Help Joseph to compress a message. msg.
Input
The only line of input contains a string. msg.
Output
Print the string msg as a compressed message.
Create a messaging system where each word (token) will be compressed based on any consecutive characters.
Single sequenced characters remain the same but multiple identical consecutive characters will be replaced by the character followed by an integer representing the number of times it repeats consecutively.
Example input and output:
Sample Input #00:
> abcaaabbb
Sample Output #00:
> abca3b3
Sample Input #01:
> abcd
Sample Output #01:
> abcd
My code:
-- String representation as a simple Compression Algorithm
--
module Main where
import Text.Printf
compression :: String -> String -> String -> Int -> String
compression input output prevChar count
| input == "" && output == "" = output
| prevChar == "" = compression (tail input) output ([head input]) 1
| input == "" && count > 1 = output ++ prevChar ++ (show count)
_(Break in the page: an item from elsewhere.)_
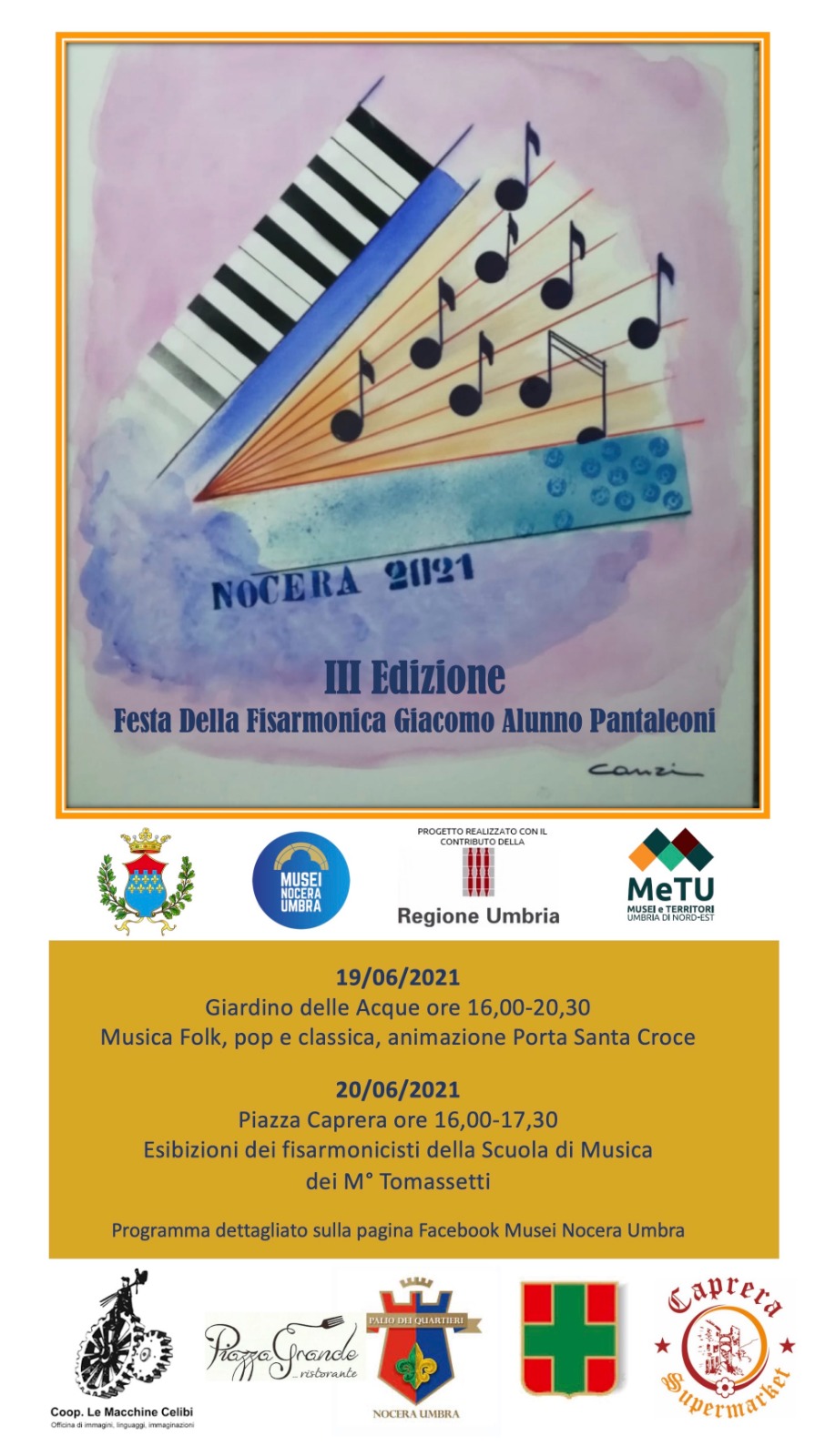 Nocera Umbra in festa per la terza edizione della ‘Festa della Fisarmonica – Giacomo Alunno Pantaleoni’. Si tratta di un evento, in programma il 19 e il 20 giugno, nello scenario del Giardino delle Acque. Dalle 16 alle 20.30 musica folk, pop e classica e l’animazione di Porta Santa Croce. Domenica 20, in piazza Caprera, l’esibizione dei fisarmonicisti della scuola di musica Tomassetti.

| input == "" && count < 2 = output ++ prevChar
| prevChar == ([head input]) = compression (tail input) output prevChar (count+1)
| prevChar /= ([head input]) && count < 2 = compression (tail input) (output ++ prevChar) ([head input]) 1
| prevChar /= ([head input]) && count > 1 = compression (tail input) (output ++ prevChar ++ (show count)) ([head input]) 1
main :: IO ()
main =
do
let s1 = "aaabaaaaccaaaaba"
printf "Decompressed: %s and Compressed: %s" s1 (compression s1 "" "" 0)
I feel as though some of my Haskell code can be clunky and could use some more features of the language itself as I mentioned earlier.
Now this isn't a full-blown application or even a part of a module for an actual application but just an exercise to improve my working knowledge and skill for writing Haskell.
-
1\$\begingroup\$ @J_H the text of the description from the image has been added \$\endgroup\$Sᴀᴍ Onᴇᴌᴀ– Sᴀᴍ Onᴇᴌᴀ ♦2024年09月13日 15:11:54 +00:00Commented Sep 13, 2024 at 15:11
3 Answers 3
I agree with some of the criticism mentioned in the other review, notably:
- You're trying to write a function from String to String, so you should have such a function.
- In general, be more eager to break up your work into smaller named pieces.
I'd like to add another point, which is heavy use of existing functions (take, drop, takeWhile, dropWhile, splitAt, etc.) instead of iterating yourself. You can search for functions on hoogle.haskell.org by entering the desired type signature and it spits out all matching functions. In many cases, you will find an existing function that fits you needs. If not, write it yourself, but keep it as a separate helper function.
Also, use pattern matching in you function signature. If you write input == "" && output == ""
in the pattern and then compression (tail input) output ([head input])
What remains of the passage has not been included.